# A Tale of Two Lasagnas - MOD NOTE: You must read this even if you don't cook!



## Theognome (Oct 12, 2008)

A TALE OF TWO LASAGNAS

Amongst my friends, and even amongst my enemies, I am known for making lasagna. I have many tales of my lasagna adventures, including the one about the person who ate herself to death. PM me if you want that story.

But I must admit that of all the Italian dishes that I’m known to prepare, lasagna is without a doubt the best of them all. And, I have received not a few requests from all over the Internet to post my lasagna recipe. 

There does exist already a recipe for my lasagna, but I do not possess it. Here is the tale…

When I returned from the first Gulf War, I was stationed at the San Diego naval base, where I went to a tech school for almost a year learning a new radar system. Rather than living on base, I shared an apartment with four other squids in National City, which was only a few miles from work. Brett, Ken, TJ and Bill #2 (I was just ‘Bill’ among us) were my roommates.

Bill #2 was about as mama’s boyish as they come, complete with an utter inability to cook for himself. This guy could not make macaroni and cheese from the box. I kid you not- he was that inept. Cold cereal was the absolute limit of his culinary expertise.

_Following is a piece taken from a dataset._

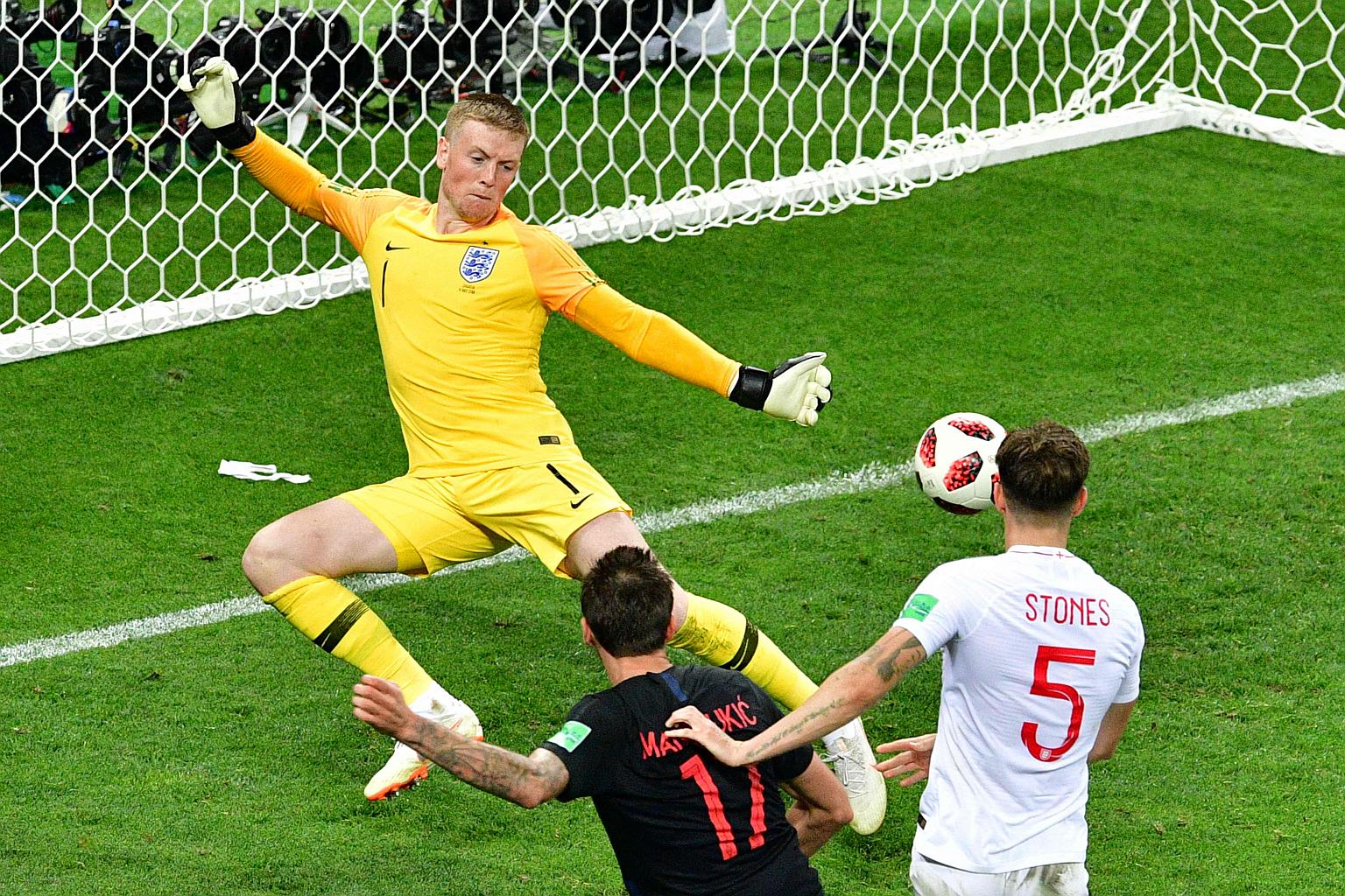 Croatia's forward Mario Mandzukic (centre) scores his team's second goal past England's goalkeeper Jordan Pickford (left) during the 2018 World Cup semi-final football match between Croatia and England at the Luzhniki Stadium in Moscow, on July 11, 2018.

Anyway, one weekend, while my other roommates were off elsewhere, I began to make my lasagna. By Saturday night, when they all came back, the apartment smelled of fresh pasta and simmering sauce. Sunday afternoon, which is when I served it up, over 40 persons, most of then neighbors who smelled it all weekend, showed up to eat of this pasta perfection.

Now Bill #2 was beside himself. He simply could not conceive that something like this was made at HIS apartment. So, he asked me for the recipe. I told him that I didn’t have one; I just made it.

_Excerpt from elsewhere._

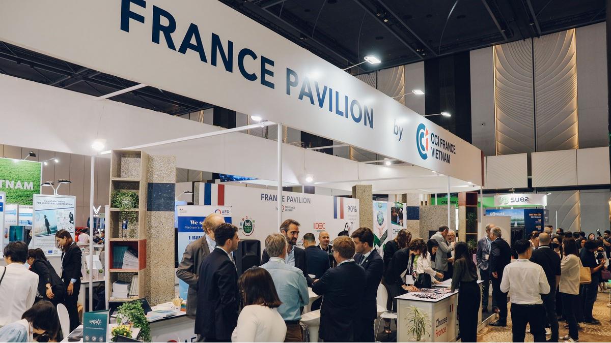 On Monday, November 28, CCIFV was thrilled to open its French Pavilion within the Green Economy Forum & Exhibition in the presence of Mr. Nicolas Warnery, Ambassador of France, Mrs. Emmanuelle Pavillon-Grosser, Consul General of France, Mr. Thibaut Giroux, President of the CCIFV and Mr. Adam Koulaksezian, Director of the CCIFV and more than 50 French companies currently investing in Vietnam.

“Bill,” he asked, “Could you make it again next duty free weekend, and write down your recipe as you do it?”

“Dude,” I replied, ”I just spent $150 bucks on this, and when I cook, I cook. I don’t write. If you want the recipe that bad, then you can buy the ingredients, and I’ll tell you the recipe as I do it. You can follow me around, and write down what I do as I do it. Then you’ll have the recipe.”

Unbelievably, he agreed to this. Three weeks later, I took him shopping, and we got everything I needed for another batch. And so, he wrote. And wrote. And wrote. Some dozen or so pages of instructions on how I made the lasagna. As I did something, I told him what I did. Now it did not occur to me at the time that cooking terms are a foreign language to some folks, and he had no idea what it meant when I said to blanch this or to mince that. He just wrote it down with sadistic glee.

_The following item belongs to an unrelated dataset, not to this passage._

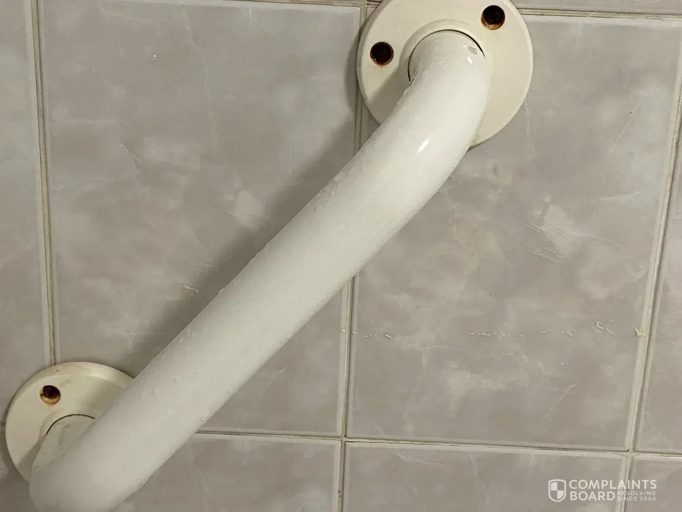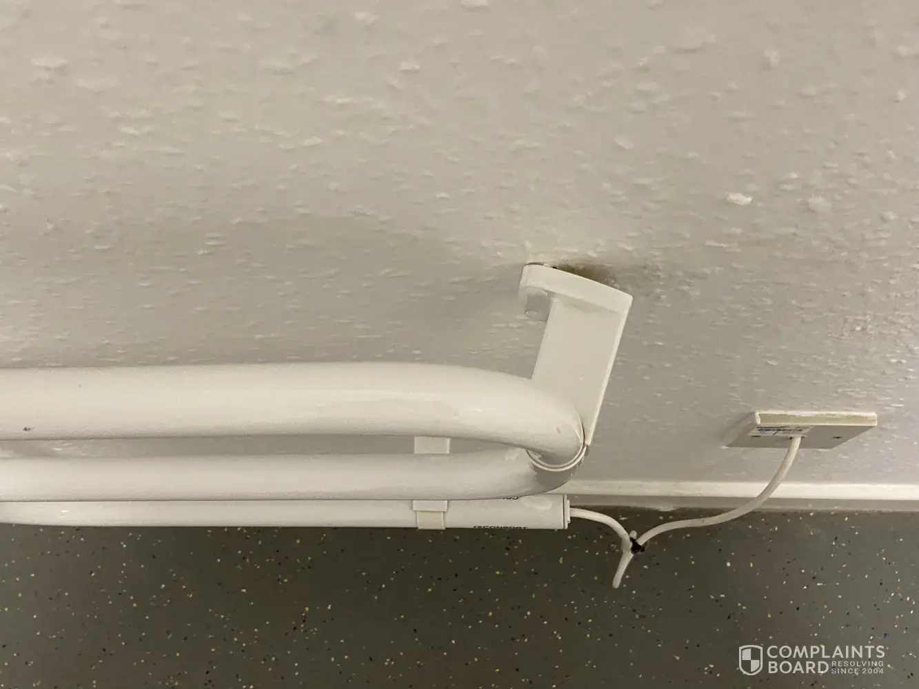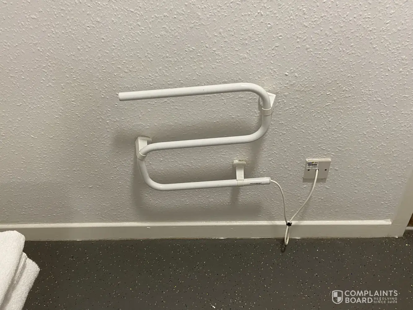 The heated towel rail in the bathroom was hanging off the wall

The following weekend, we all went to the beach… all, that is, except for Bill #2. He played sick, and instead decided to make lasagna. But, as he could not understand his recipe, ha made a few shortcuts. He bought noodles, and didn’t know to cook them first. The sauce was ketchup. He bought breakfast sausage, and cheddar cheese. And, once he put all of this together, he baked it… for 5 hours. 

We all came home to a fire alarm. The apartment was filled with smoke. Bill #2, beaming with pride, presented his culinary gem- a pan filled with charcoal. 

Now understand that Bill #2 was a very sensitive kind of guy; his feelings were easily hurt. And he was expecting us to eat this thing of his. I told him that I was full from ice cream at the beach, but to save me some for later. Brett said that the cat would die from that, much less he eat it. Ken simply shook his head and repeated, “dude, dude, dude…” TJ offered to take it to class to share with his instructors. Thankfully, Bill #2 took him up on the offer.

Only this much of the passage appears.